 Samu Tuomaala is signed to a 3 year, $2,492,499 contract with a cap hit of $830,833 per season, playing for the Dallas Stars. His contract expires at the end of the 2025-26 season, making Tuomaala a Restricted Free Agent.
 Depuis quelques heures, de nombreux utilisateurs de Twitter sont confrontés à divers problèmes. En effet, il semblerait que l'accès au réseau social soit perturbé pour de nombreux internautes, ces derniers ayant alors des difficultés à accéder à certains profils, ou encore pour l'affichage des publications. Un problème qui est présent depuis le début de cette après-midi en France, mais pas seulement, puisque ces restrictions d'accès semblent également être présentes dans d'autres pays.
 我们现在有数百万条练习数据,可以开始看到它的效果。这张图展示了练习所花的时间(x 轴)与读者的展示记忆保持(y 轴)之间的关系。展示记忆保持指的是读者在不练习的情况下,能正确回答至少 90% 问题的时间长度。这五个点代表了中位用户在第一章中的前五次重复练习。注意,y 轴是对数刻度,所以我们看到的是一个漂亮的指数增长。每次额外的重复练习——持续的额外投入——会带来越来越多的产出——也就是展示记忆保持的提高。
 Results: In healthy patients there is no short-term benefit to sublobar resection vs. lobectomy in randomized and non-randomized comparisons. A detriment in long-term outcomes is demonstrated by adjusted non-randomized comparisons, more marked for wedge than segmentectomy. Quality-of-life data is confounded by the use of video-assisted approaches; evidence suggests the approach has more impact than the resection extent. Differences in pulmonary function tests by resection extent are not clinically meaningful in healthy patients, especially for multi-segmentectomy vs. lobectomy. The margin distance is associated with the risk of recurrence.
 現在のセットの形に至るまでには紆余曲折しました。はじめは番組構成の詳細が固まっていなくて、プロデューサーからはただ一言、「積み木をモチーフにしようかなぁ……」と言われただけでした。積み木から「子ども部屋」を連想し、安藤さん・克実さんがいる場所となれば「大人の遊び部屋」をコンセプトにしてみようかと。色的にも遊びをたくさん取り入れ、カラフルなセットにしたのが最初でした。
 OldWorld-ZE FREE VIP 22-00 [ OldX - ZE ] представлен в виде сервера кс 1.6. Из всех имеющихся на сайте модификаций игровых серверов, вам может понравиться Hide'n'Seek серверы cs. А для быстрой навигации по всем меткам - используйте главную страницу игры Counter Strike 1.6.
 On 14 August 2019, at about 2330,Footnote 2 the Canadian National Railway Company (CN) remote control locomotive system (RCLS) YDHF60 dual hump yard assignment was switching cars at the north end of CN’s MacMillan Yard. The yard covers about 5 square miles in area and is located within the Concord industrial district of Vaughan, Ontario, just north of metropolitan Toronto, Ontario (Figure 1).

__________________________________________________

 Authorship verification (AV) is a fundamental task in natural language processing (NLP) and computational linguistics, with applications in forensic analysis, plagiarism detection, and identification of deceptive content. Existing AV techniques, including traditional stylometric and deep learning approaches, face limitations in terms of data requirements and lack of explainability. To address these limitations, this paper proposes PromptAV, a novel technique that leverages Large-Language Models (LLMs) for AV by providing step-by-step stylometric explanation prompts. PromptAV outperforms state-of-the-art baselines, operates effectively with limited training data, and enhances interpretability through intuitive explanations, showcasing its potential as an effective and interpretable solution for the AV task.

__________________________________________________

- _Brief_
From the records above, extract exactly and only the lines that begin at the line with "Samu Tuomaala is" and stop after the line with "Results: In healthy".

- _Response_
 Samu Tuomaala is signed to a 3 year, $2,492,499 contract with a cap hit of $830,833 per season, playing for the Dallas Stars. His contract expires at the end of the 2025-26 season, making Tuomaala a Restricted Free Agent.
 Depuis quelques heures, de nombreux utilisateurs de Twitter sont confrontés à divers problèmes. En effet, il semblerait que l'accès au réseau social soit perturbé pour de nombreux internautes, ces derniers ayant alors des difficultés à accéder à certains profils, ou encore pour l'affichage des publications. Un problème qui est présent depuis le début de cette après-midi en France, mais pas seulement, puisque ces restrictions d'accès semblent également être présentes dans d'autres pays.
 我们现在有数百万条练习数据,可以开始看到它的效果。这张图展示了练习所花的时间(x 轴)与读者的展示记忆保持(y 轴)之间的关系。展示记忆保持指的是读者在不练习的情况下,能正确回答至少 90% 问题的时间长度。这五个点代表了中位用户在第一章中的前五次重复练习。注意,y 轴是对数刻度,所以我们看到的是一个漂亮的指数增长。每次额外的重复练习——持续的额外投入——会带来越来越多的产出——也就是展示记忆保持的提高。
 Results: In healthy patients there is no short-term benefit to sublobar resection vs. lobectomy in randomized and non-randomized comparisons. A detriment in long-term outcomes is demonstrated by adjusted non-randomized comparisons, more marked for wedge than segmentectomy. Quality-of-life data is confounded by the use of video-assisted approaches; evidence suggests the approach has more impact than the resection extent. Differences in pulmonary function tests by resection extent are not clinically meaningful in healthy patients, especially for multi-segmentectomy vs. lobectomy. The margin distance is associated with the risk of recurrence.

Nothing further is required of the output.